[[ Given entries open ]]
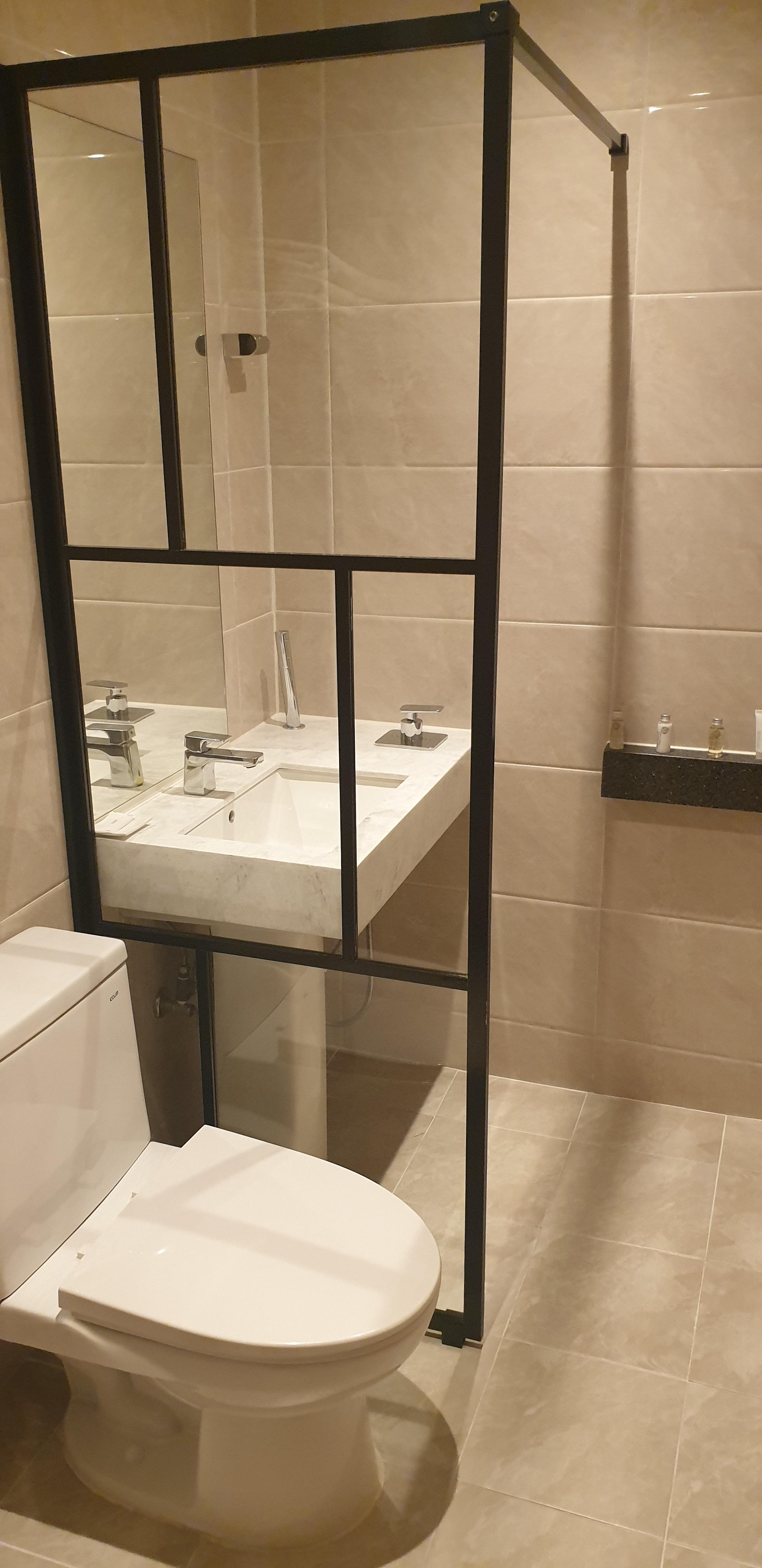 욕실은 아쉽네요. 욕조가 있는 방도 있고 없는 방도 있는 것 같지만... 샤워 부스랑 세면대가 분리가 안된 점은 아쉽습니다.
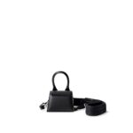 Jacquemus Black Leather Mini Le Chiquito Bag. In black leather, front opening with hidden snap button, single compartment. Silver metal logo on the side.
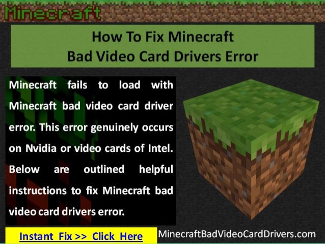 Four ways to fix " Bad Video Card Drivers" crash in Minecraft . Method One: Change Hardware Acceleration; Method Two: Roll back Driver; Method Three: Update Video Driver Manually; Method Four: Update Video Card Driver Automatically [Problem Description]
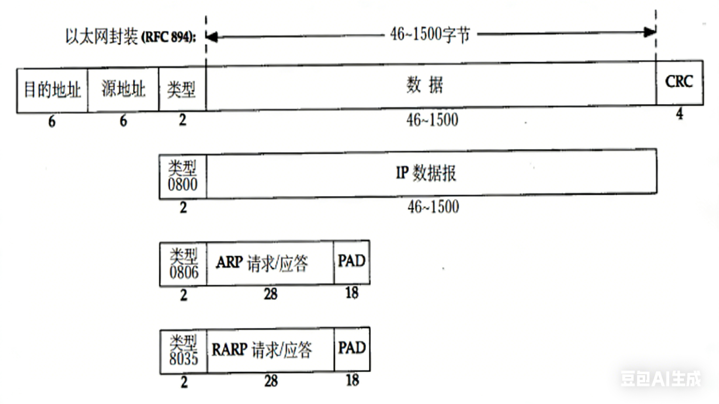 - 关键规则:以太网要求 "数据部分至少 46 字节"------ 如果上层报文本身长度不足(比如 ARP 报文只有 28 字节),会添加PAD(填充字段) 凑够 46 字节。
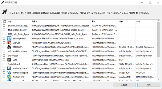 * 컴퓨터가 부팅되면서 자동실행되는 프로그램을 정리 할 수 있는 기능
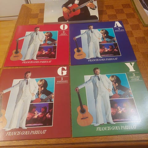 Francis Goya Parhaat on LP-levy, joka sisältää artistin tunnetuimpia kappaleita. Levyn kansi on värillinen ja siinä on kuvia artistista. Tuote on tarkoitettu musiikin kuunteluun.
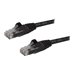 Ce câble CAT6 répond à toutes les spécifications des câbles de catégorie 6 pour fournir une connexion réseau Gigabit fiable.Protégez votre équipementCe câble patch CAT6 est composé de fil 100 % cuivre et testé conformément aux exigences de la norme ANSI/TIA 568 C.2, catégorie 6. Nous n''utilisons pas de fil en aluminium recouvert de cuivre (CCA) puisque ce dernier est sujet à des problèmes tels qu''une mauvaise circulation du courant, une accumulation de chaleur, des dégâts matériels et un risque d''incendie.Les connecteurs dorés de 50 microns fournissent une conductivité optimale tout en éliminant les pertes de signal dues à l''oxydation ou à la corrosion.Construction de haute qualitéLe câble CAT6 est fabriqué à partir des meilleurs conducteurs en cuivre et confectionné puis testé avec soin afin de maintenir la paradiaphonie (NEXT) à un niveau nettement inférieur aux limites acceptables. Le câble patch est fabriqué avec un fil de cuivre de 0,25 mm pour garantir des performances optimales pour les applications Ethernet exigeantes comme Power-over-Ethernet et le streaming de vidéos 4K ou 1080p.Installation facile de vos câbles réseauPour un câblage sans heurts, ce câble durable est doté de connecteurs sans crochet qui protègent les connecteurs de câble RJ45 des déchirures et des ruptures pendant l''installation.Le câble Ethernet CAT6 est également équipé de capuchons destinés à atténuer la tension en protégeant les connecteurs RJ45 contre les torsions à des angles excessifs. Il y a ainsi moins de risques d''endommager les câbles et d''affecter les performances et la connectivité réseau.Le modèle N6PATC750CMBK bénéficie d''une garantie à vie StarTech.com pour une fiabilité sans faille.
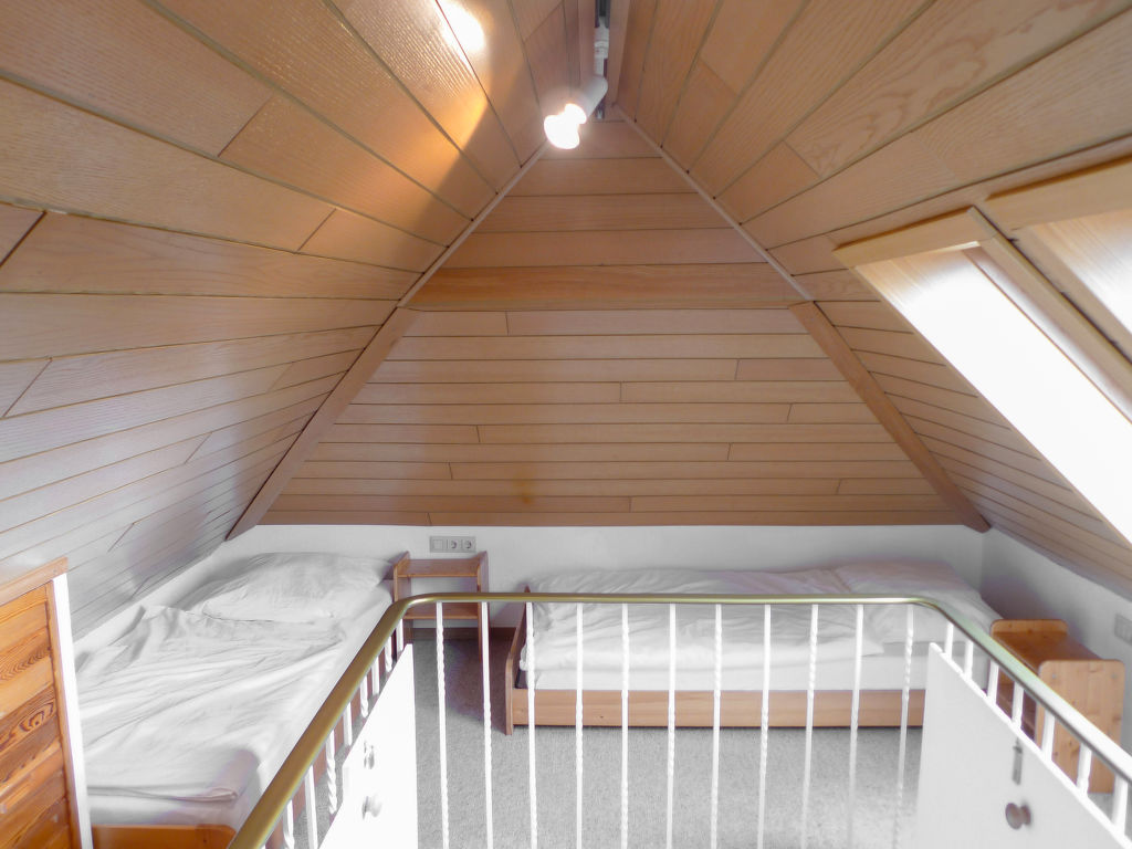 "Pulch", 4-Zimmer-Wohnung 55 m2 auf 2 Stockwerken, im Obergeschoss. Wohn-/Esszimmer 30 m2 mit Kabel-TV (Flachbildschirm), Radio. Ausgang zum Balkon. 2 Zimmer 7 m2, jedes Zimmer mit 1 Doppelbett (2 x 90 cm, Länge 190 cm). Kleine Küche (4 Kochplatten, Toaster, Wasserkocher, Mikrowelle, elektrische Kaffeemaschine). Dusche/WC. Dachgeschoss: 1 abgeschrägtes Zimmer 5 m2 mit 2 Betten. Bad/WC. Balkon 9 m2. Balkonmöbel. Zur Verfügung: Waschmaschine, Bügeleisen, Kinderhochstuhl. Bitte beachten: Nichtraucher-Unterkunft.
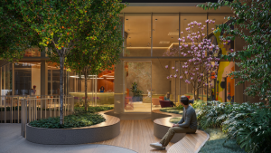 O acesso ao hall do B41 vai passar por uma praça, que ficará aberta à comunidade em horário comercial e terá espaços de descanso. O projeto de paisagismo do B41, assinado pela Tellini Vontobel Arquitetura, completa o visual contemporâneo e jovem do empreendimento, que, além do colorido dos murais, terá áreas verdes em todos os pavimentos. “Traremos um verde interno que vai surpreender. Haverá espaços com bancos na praça central do edifício e em todas as áreas de circulação. Escolhemos vegetação com características tropicais, com folhas mais largas, densas e resistentes às variações de temperatura e condições climáticas de Curitiba, e que, por isso, exigem menor manutenção”, explica a arquiteta e paisagista Giovana Nogueira.
[[ Given entries closed ]]
→ **Task brief**:
Set every line of the records down again exactly, and exclude all pictures.

→ **Exercise solution**:
 욕실은 아쉽네요. 욕조가 있는 방도 있고 없는 방도 있는 것 같지만... 샤워 부스랑 세면대가 분리가 안된 점은 아쉽습니다.
 Jacquemus Black Leather Mini Le Chiquito Bag. In black leather, front opening with hidden snap button, single compartment. Silver metal logo on the side.
 Four ways to fix " Bad Video Card Drivers" crash in Minecraft . Method One: Change Hardware Acceleration; Method Two: Roll back Driver; Method Three: Update Video Driver Manually; Method Four: Update Video Card Driver Automatically [Problem Description]
 - 关键规则:以太网要求 "数据部分至少 46 字节"------ 如果上层报文本身长度不足(比如 ARP 报文只有 28 字节),会添加PAD(填充字段) 凑够 46 字节。
 * 컴퓨터가 부팅되면서 자동실행되는 프로그램을 정리 할 수 있는 기능
 Francis Goya Parhaat on LP-levy, joka sisältää artistin tunnetuimpia kappaleita. Levyn kansi on värillinen ja siinä on kuvia artistista. Tuote on tarkoitettu musiikin kuunteluun.
 Ce câble CAT6 répond à toutes les spécifications des câbles de catégorie 6 pour fournir une connexion réseau Gigabit fiable.Protégez votre équipementCe câble patch CAT6 est composé de fil 100 % cuivre et testé conformément aux exigences de la norme ANSI/TIA 568 C.2, catégorie 6. Nous n''utilisons pas de fil en aluminium recouvert de cuivre (CCA) puisque ce dernier est sujet à des problèmes tels qu''une mauvaise circulation du courant, une accumulation de chaleur, des dégâts matériels et un risque d''incendie.Les connecteurs dorés de 50 microns fournissent une conductivité optimale tout en éliminant les pertes de signal dues à l''oxydation ou à la corrosion.Construction de haute qualitéLe câble CAT6 est fabriqué à partir des meilleurs conducteurs en cuivre et confectionné puis testé avec soin afin de maintenir la paradiaphonie (NEXT) à un niveau nettement inférieur aux limites acceptables. Le câble patch est fabriqué avec un fil de cuivre de 0,25 mm pour garantir des performances optimales pour les applications Ethernet exigeantes comme Power-over-Ethernet et le streaming de vidéos 4K ou 1080p.Installation facile de vos câbles réseauPour un câblage sans heurts, ce câble durable est doté de connecteurs sans crochet qui protègent les connecteurs de câble RJ45 des déchirures et des ruptures pendant l''installation.Le câble Ethernet CAT6 est également équipé de capuchons destinés à atténuer la tension en protégeant les connecteurs RJ45 contre les torsions à des angles excessifs. Il y a ainsi moins de risques d''endommager les câbles et d''affecter les performances et la connectivité réseau.Le modèle N6PATC750CMBK bénéficie d''une garantie à vie StarTech.com pour une fiabilité sans faille.
 "Pulch", 4-Zimmer-Wohnung 55 m2 auf 2 Stockwerken, im Obergeschoss. Wohn-/Esszimmer 30 m2 mit Kabel-TV (Flachbildschirm), Radio. Ausgang zum Balkon. 2 Zimmer 7 m2, jedes Zimmer mit 1 Doppelbett (2 x 90 cm, Länge 190 cm). Kleine Küche (4 Kochplatten, Toaster, Wasserkocher, Mikrowelle, elektrische Kaffeemaschine). Dusche/WC. Dachgeschoss: 1 abgeschrägtes Zimmer 5 m2 mit 2 Betten. Bad/WC. Balkon 9 m2. Balkonmöbel. Zur Verfügung: Waschmaschine, Bügeleisen, Kinderhochstuhl. Bitte beachten: Nichtraucher-Unterkunft.
 O acesso ao hall do B41 vai passar por uma praça, que ficará aberta à comunidade em horário comercial e terá espaços de descanso. O projeto de paisagismo do B41, assinado pela Tellini Vontobel Arquitetura, completa o visual contemporâneo e jovem do empreendimento, que, além do colorido dos murais, terá áreas verdes em todos os pavimentos. “Traremos um verde interno que vai surpreender. Haverá espaços com bancos na praça central do edifício e em todas as áreas de circulação. Escolhemos vegetação com características tropicais, com folhas mais largas, densas e resistentes às variações de temperatura e condições climáticas de Curitiba, e que, por isso, exigem menor manutenção”, explica a arquiteta e paisagista Giovana Nogueira.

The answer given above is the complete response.